Can you make an educated guess as to which kinase may be responsible, thinking about the function of your transcription factor, when it is activated etc and look for a concensus sequence for a particular kinase. Each kinase has specific target. If you have no clues then have you considered mutating your protein to convert a serine to glutamate to mimic phosphorylation. Alternatively, if you just want it phosphorylated without knowing which kinase is responsible, you could try incubating your purified transcription factor on beads with a whole cell lysate and 32P in the chance that a kinase in your lysate will target your protein.

This really is not the appropriate question to be asking. Virtually all proteins have serene, threonine and tyrosine residues and each of these amino acids have the potential to be phosphorylated. However, most occurrences of Ser/Thr/Tyr are not phosphorylated because of their context within the protein. Simply phosphorylating a protein non-specifically in vitro will be relatively meaningless. You need to first determine whether it is phosphorylated in cells/tissues and then which residues are phosphorylated (most phosphoproteins are phosphorylated at multiple sites - some turn over, some are stable. Once this is achieved (and you can take often get clues from other members of the family), then you can determine which are the likely kinases responsible for the phosphorylation. This is also not trivial because specificities of kinases are overlapping in many cases. There are some online tools such as NetworKIN (http://networkin.info/search.php) that can assist in site/kinase predictions.

If you do want to do the oversimplified experiment, the most promiscuous kinase in vitro is Casein Kinase 1. However, there would be no guarantee that it targets sites with any relevance to biology as the reason it's promiscuous in vitro is that most of its physiological selectivity is lost (such as subcellular anchoring, binding partners, etc). I would not recommend this approach.

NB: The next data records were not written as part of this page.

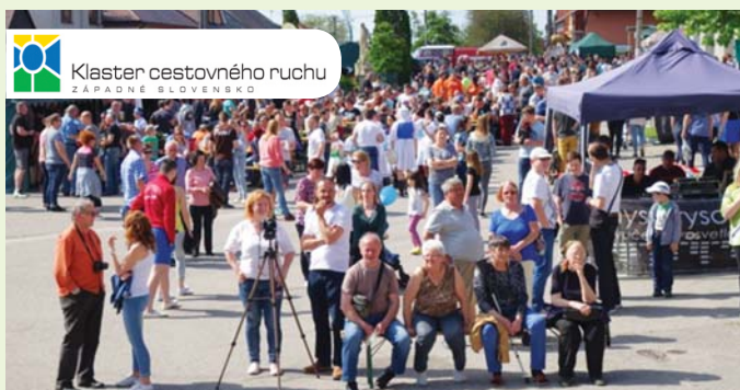
Návštevníci festivalu v Prievaloch.
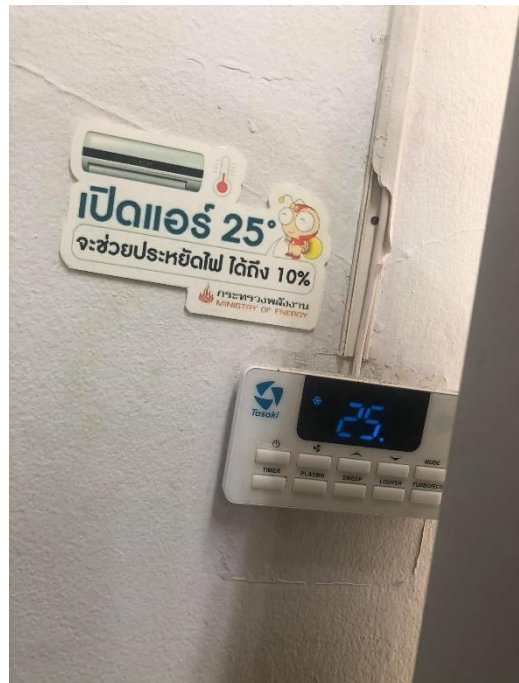
การปรับอุณหภูมิเครื่องปรับอากาศที่ 25 °C
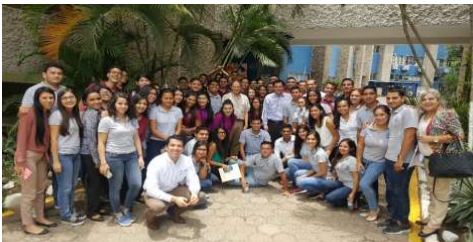
Conferencia con Universidad Politécnica de Sinaloa. Junio 2017.
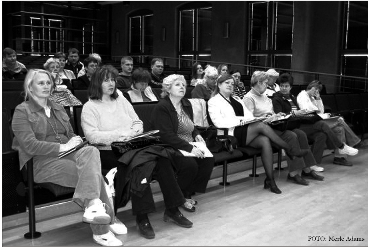
Reisiseltskond kuulab soomlaste juttu projektidest ja koostööst.
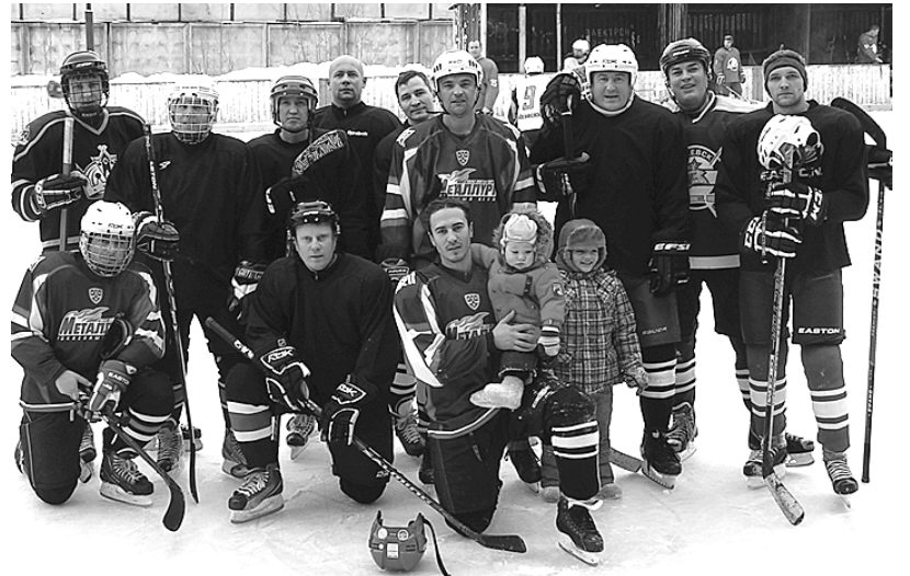
Чайковская команда хоккеистов-любителей «ЕРМАК и К.».

Можно уверенно утверждать, что следующий хоккейный сезон в Чайковском значительно расширит свою географию и состав хоккейных команд различного уровня, постепенно превращая хоккей из элитарного в массовый вид спорта. В нынешнем сезоне достаточно активно проявила себя группа чайковских хоккеистов-любителей, в конце концов, сформировавшаяся в команду с названием «ЕРМАК и К.». Компания получилась самая титулованная в городе, наполовину состоящая из тренеров, чем-
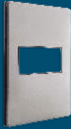
PP010 Placa metálica de 1 módulo
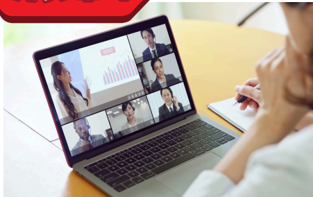
儲かるビジネスモデル構築 方法 7 STEPのセミナー動画

BTW, Amanda's suggested experiment is also worth a try but you will need to inhibit phosphatases in the extract, use high specific activity ATP and gel filter the extract to remove endogenous (unlabelled) ATP. This is similar to an approach developed in Dundee termed KESTREL (reviewed in: https://www.ncbi.nlm.nih.gov/pmc/articles/PMC1383659/).

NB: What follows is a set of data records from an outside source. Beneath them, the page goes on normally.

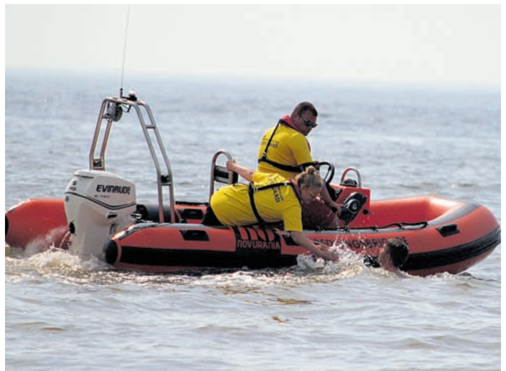
Lifeguards halen een zwemmer uit het water

Mocht men iemand willen verassen met dit leuke boekje, dan is het te bestellen via boekenbestellen.nl en alle webwinkels. Natuurlijk kan men ook even langskomen voor informatie in buurtcentrum de Spil.
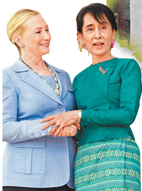
■ 昂山素姬(右)強調緬甸與美國改善關係，並不代表緬甸與中國的關係會倒退。左為美國國務卿希拉里。

基於緬甸的戰略意義，中國在緬甸投資興建大量與運輸及能源相關的基礎建設。例如，中國投資瀕臨印度洋東岸的實兌港擴建工程；興建由雲南至孟加拉灣的公路；興建由瀕臨印度洋東岸若開邦到雲南的輸油管，令中國可以繞過由美國及其盟友控制的馬六甲海峽，把石油從阿拉伯地區輸送到中國。
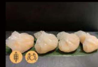
8. Ravioli con Gamberi 5.50€ Allergeni: 1,2
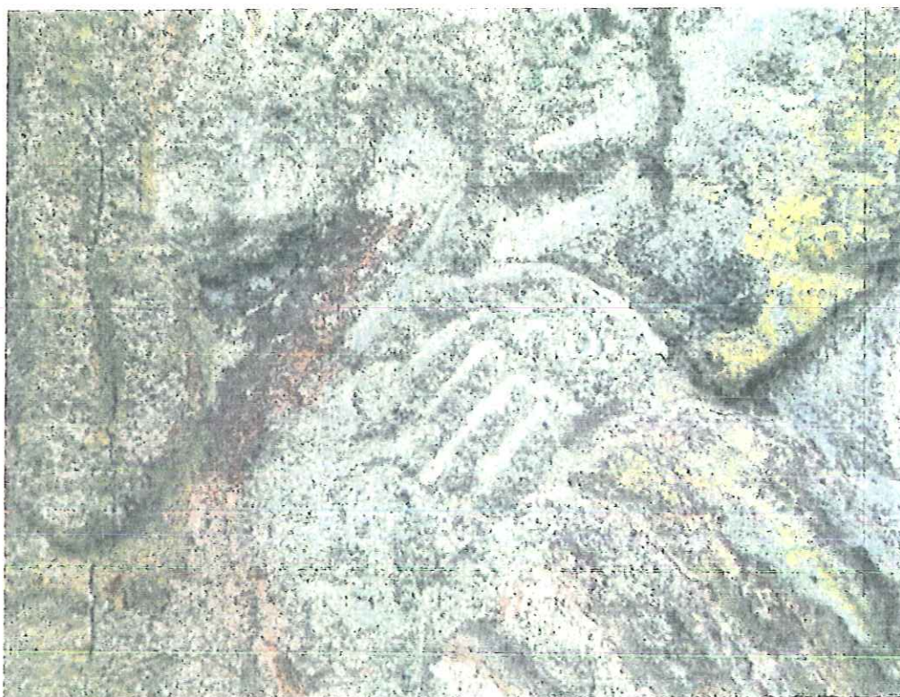
Fot.nr 6. Tropie –kapliczka słupowa-detal. Stan kwiecień 2018.
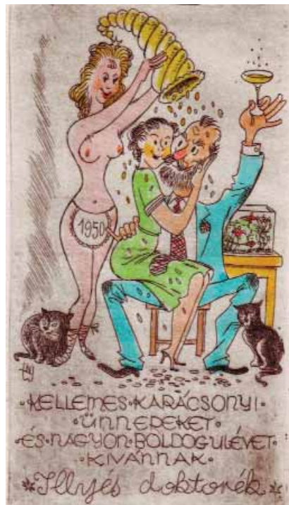
nemes Török János rézkarca, C3/3, (1950), 115×63

Sajnos nincs terünk a bemutatott grafikák elemzésére, így csak – az említetteken kívül – az alkotókat soroljuk fel: Baráth Pál, dr. Babibka Kornél, Burai István, Dombi Ákos Géza, Gonda Zoltán, Hatvani Ádám, Józsa Poppea, Máthé András, Papp Károly, Potyók Tamás. Az albumot lapozgatva összességében megállapíthatjuk, hogy kifejezőmódjában, kompozíciós
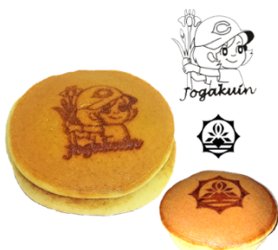
カープ女学院どら焼き 1箱5個入り 900円

Thank u both for your suggestions.

Dr. Amanda, thank you for the valuable suggestion, i will give it a try after inhibiting the phosphatases!

Dr.James, networkin.info have database for human, drosophila, yeast and C.elegans. I am sorry that i didn't reveal my protein's origin. It is a Mycobacterial protein and i have found using NetPhosK 1 server, the scores of threonine and serine residues which are higher than the base scores that qualifies them to get phosphorylated by phosphokinase C. Can i proceed with the prediction of NetPhosK 1 or what do you suggest?

It sounds like you have a lot of preliminary data to collect. You can try several in vitro kinase assays but remember that this is an artificial approach that will likely mislead regarding what is going on in vitro. Since the HLH protein is of mycobacterial origin, you should determine whether its phosphorylation (if phosphorylated) is via host kinases (which would be my bet). In this case, the prediction algorithms may still be helpful.